138. The cumulative force of these points is illustrated if one imagines a situation where, within a month of his joining the LLP, the relationship between Mr Flanagan and Liontrust had broken down without any fault or misconduct on his part which would have justified Liontrust in expelling or suspending him under clause 20. If Liontrust's construction of clause 18.1.3 and the Side Letter is correct, Liontrust could nevertheless then have served notice of compulsory retirement on Mr Flanagan and immediately placed him on garden leave for the remaining 23 months of his compulsory initial term. Assuming that the Fund was also wound up, and not continued or replaced, Mr Flanagan would then have been locked in for the best part of two years, unable as a matter of contract to work for anybody else, and confined to receipt of his Fixed Allocation of £125,000 per year.

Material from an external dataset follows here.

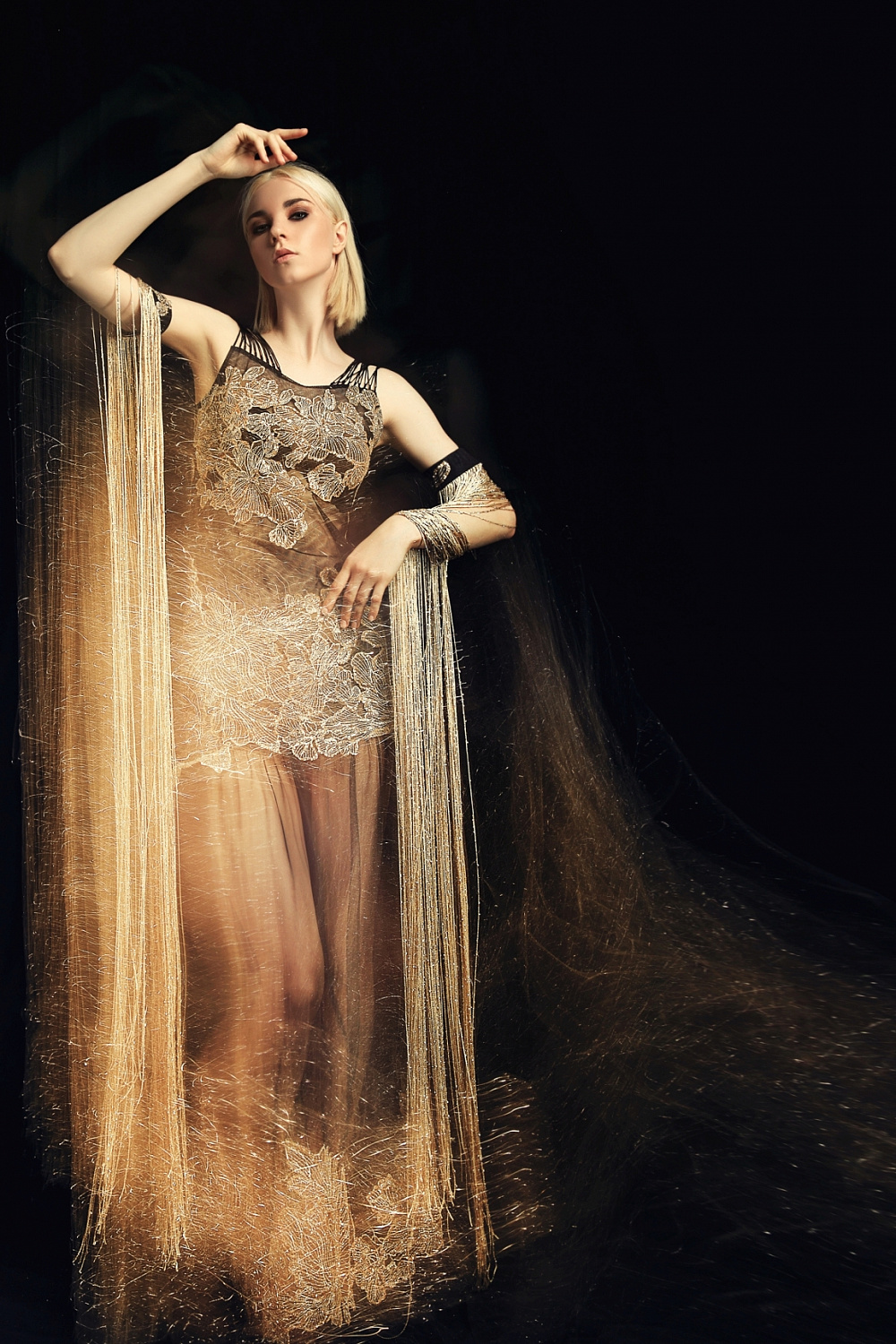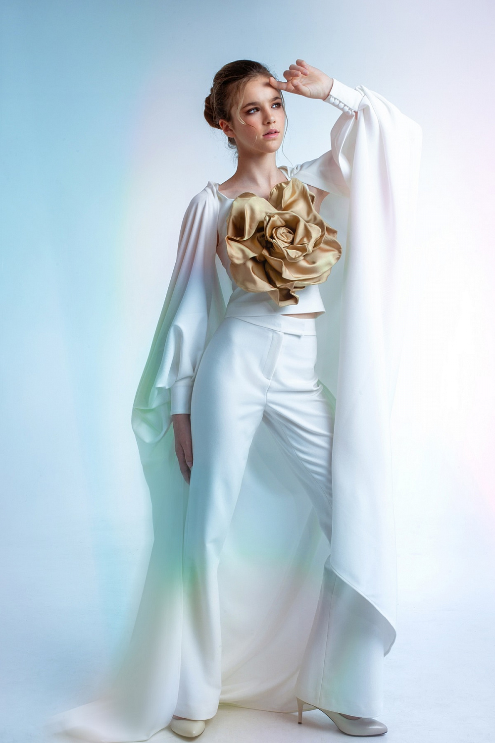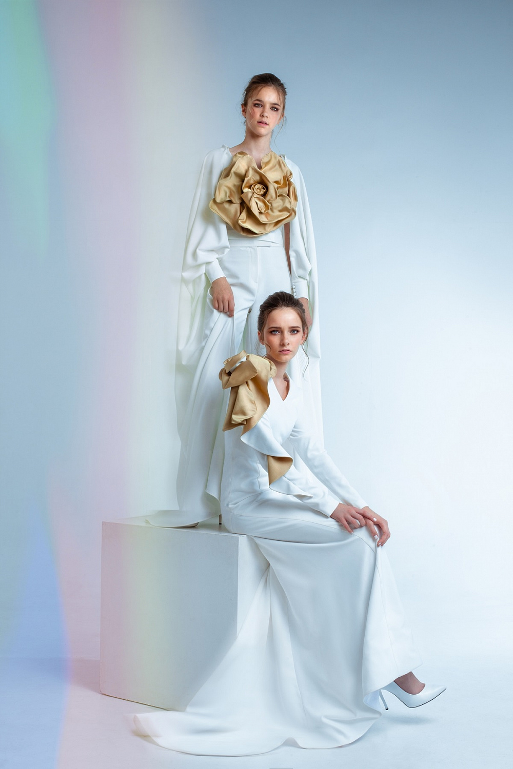 Колекція The Triumph представлена елегантною лінійкою білих образів із золотими акцентними воланами, які додають об`єму, надаючи образам вишуканості та жіночності. Прості, але ефектні силуети створюють легкий та витончений образ, а якісні матеріали з ніжним мереживом і золотою тафтою надають їм особливої привабливості та підкреслюють елегантність образів.

139. It is no answer to this point, in my judgment, to say that a court would in practice probably be unwilling to enforce some of these provisions by way of injunction. What matters is the position that the parties would objectively have contemplated at the time when Mr Flanagan joined the LLP, having regard to the terms of their agreement and the mutual obligations which they freely undertook. I can see no good answer to the simple point that the concept of a mutually beneficial compulsory initial term of two years would have been denuded of much of its commercial content had it been open to Liontrust to force Mr Flanagan to retire, and then place him on garden leave throughout the remainder of the period, virtually as soon as the agreements had been signed. Conversely, if the requirement of six months' notice is interpreted as meaning that no valid notice may be given under clause 18.1.3 before 24 April 2014, the parties knew where they stood from the outset, and Mr Flanagan had a period of at least 18 months in which to prove himself and attempt to turn round the performance of the Fund."